DATA FOR PROCESSING
· · ·

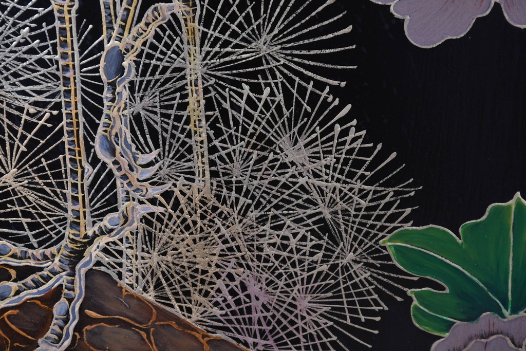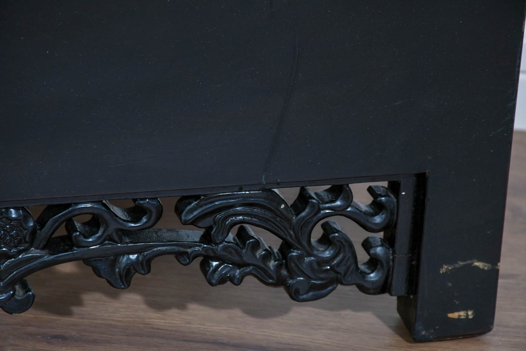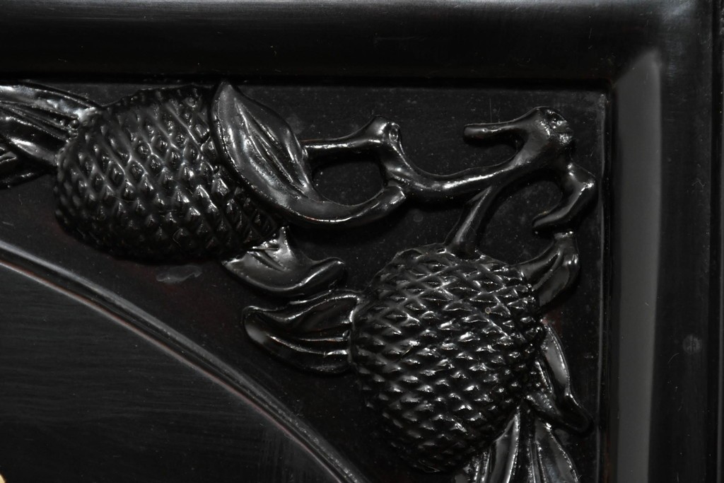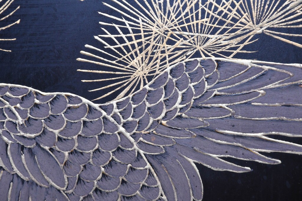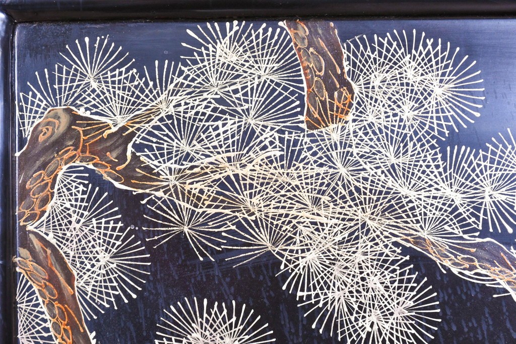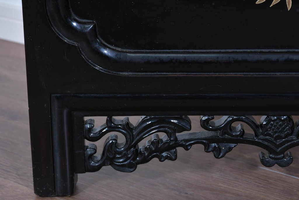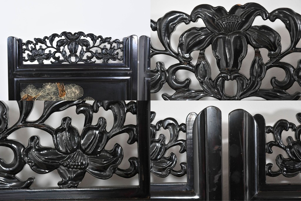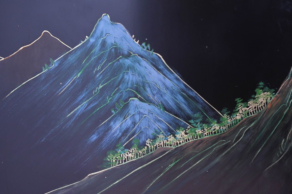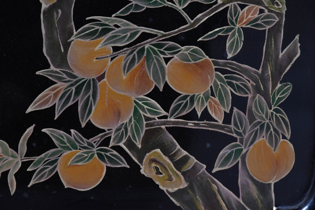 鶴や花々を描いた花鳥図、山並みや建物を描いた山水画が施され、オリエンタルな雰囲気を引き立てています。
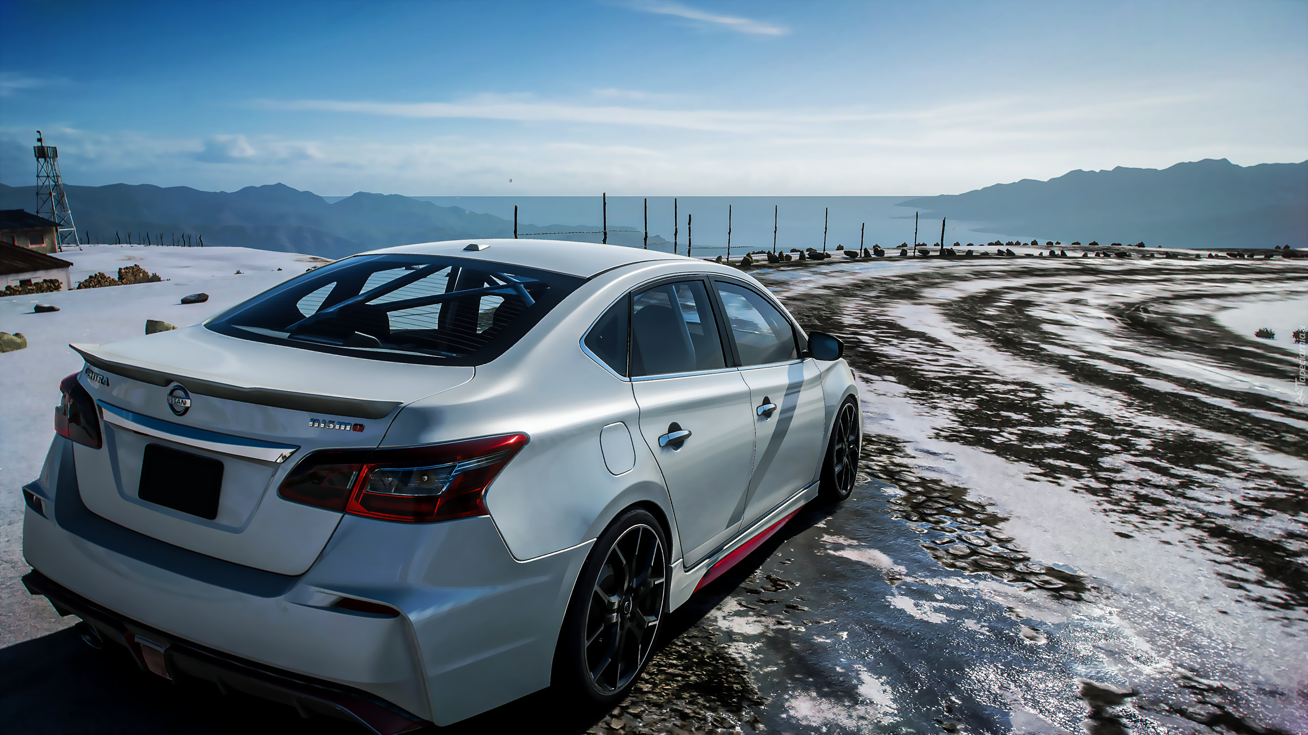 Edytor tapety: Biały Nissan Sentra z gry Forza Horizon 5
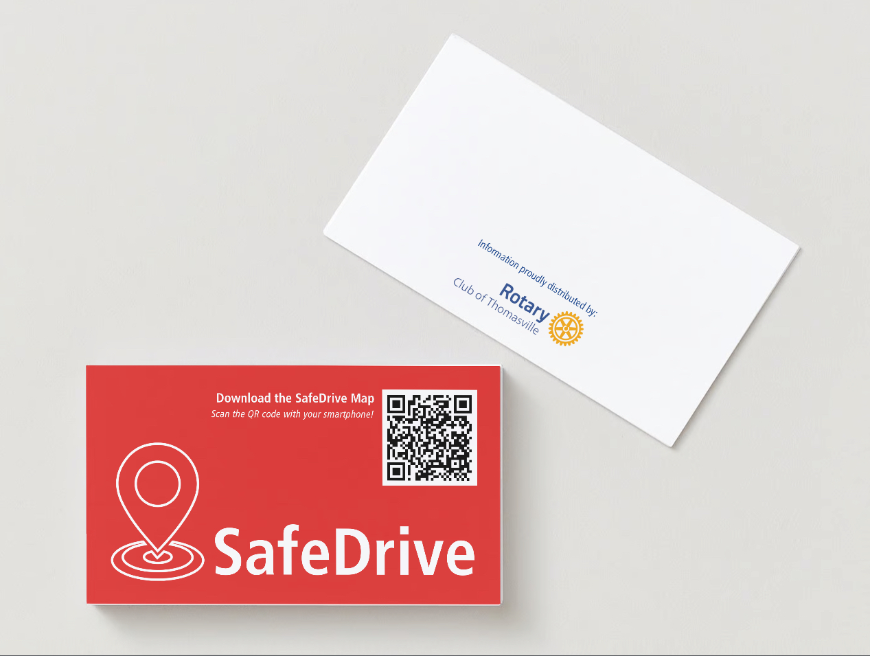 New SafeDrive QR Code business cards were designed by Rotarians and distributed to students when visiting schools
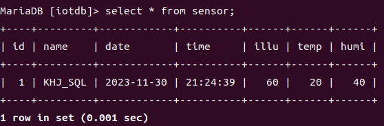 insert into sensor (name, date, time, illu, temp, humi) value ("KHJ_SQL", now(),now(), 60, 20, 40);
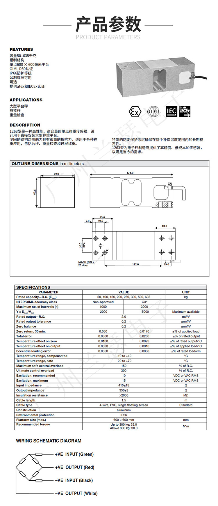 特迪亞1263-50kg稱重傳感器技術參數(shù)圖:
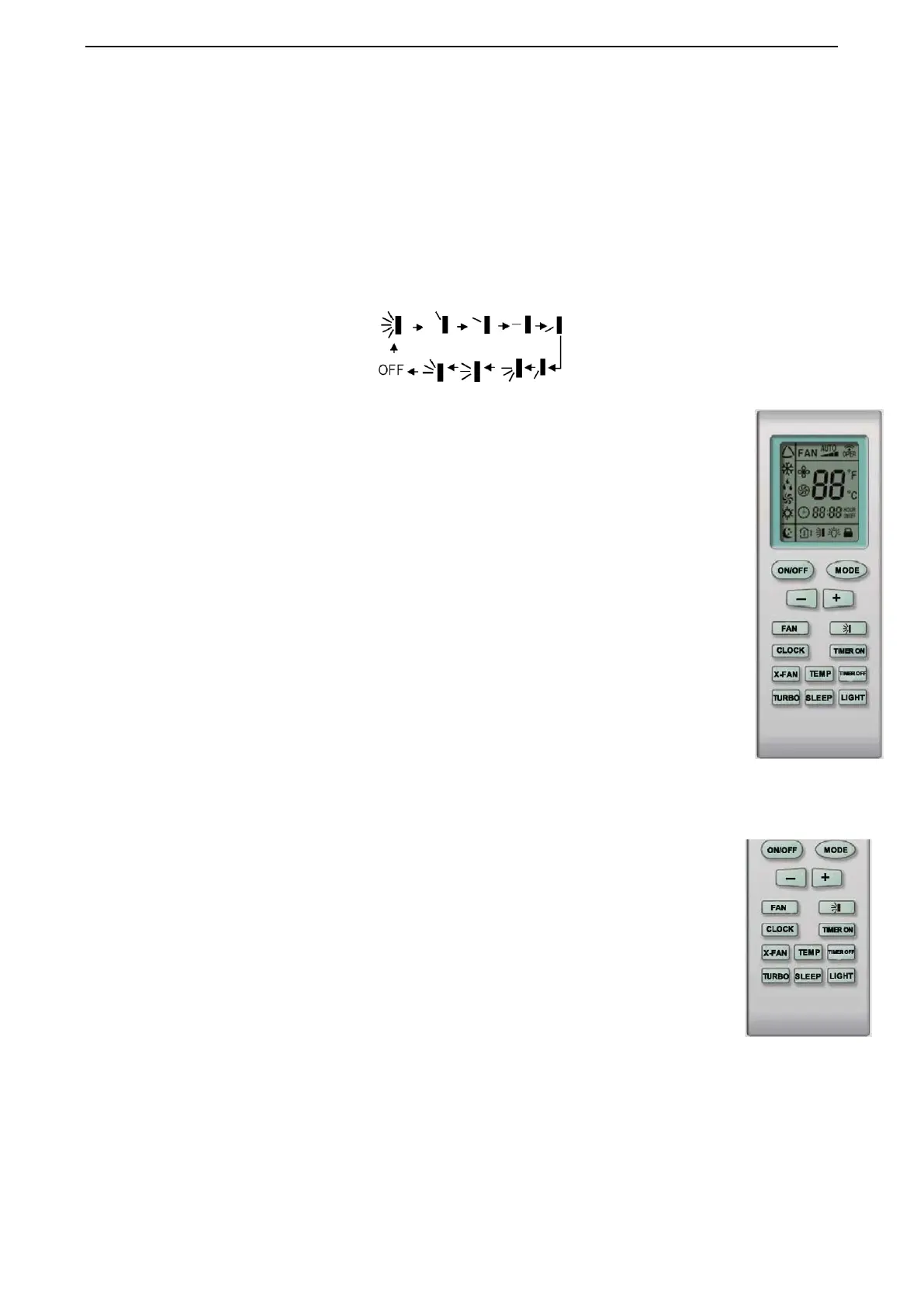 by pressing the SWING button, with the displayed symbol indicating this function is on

· · ·

WORK INSTRUCTIONS
Please print the listing above again word for word, without its pictures.

RESULT FOR THIS EXERCISE
 鶴や花々を描いた花鳥図、山並みや建物を描いた山水画が施され、オリエンタルな雰囲気を引き立てています。
 Edytor tapety: Biały Nissan Sentra z gry Forza Horizon 5
 New SafeDrive QR Code business cards were designed by Rotarians and distributed to students when visiting schools
 insert into sensor (name, date, time, illu, temp, humi) value ("KHJ_SQL", now(),now(), 60, 20, 40);
 特迪亞1263-50kg稱重傳感器技術參數(shù)圖:
 by pressing the SWING button, with the displayed symbol indicating this function is on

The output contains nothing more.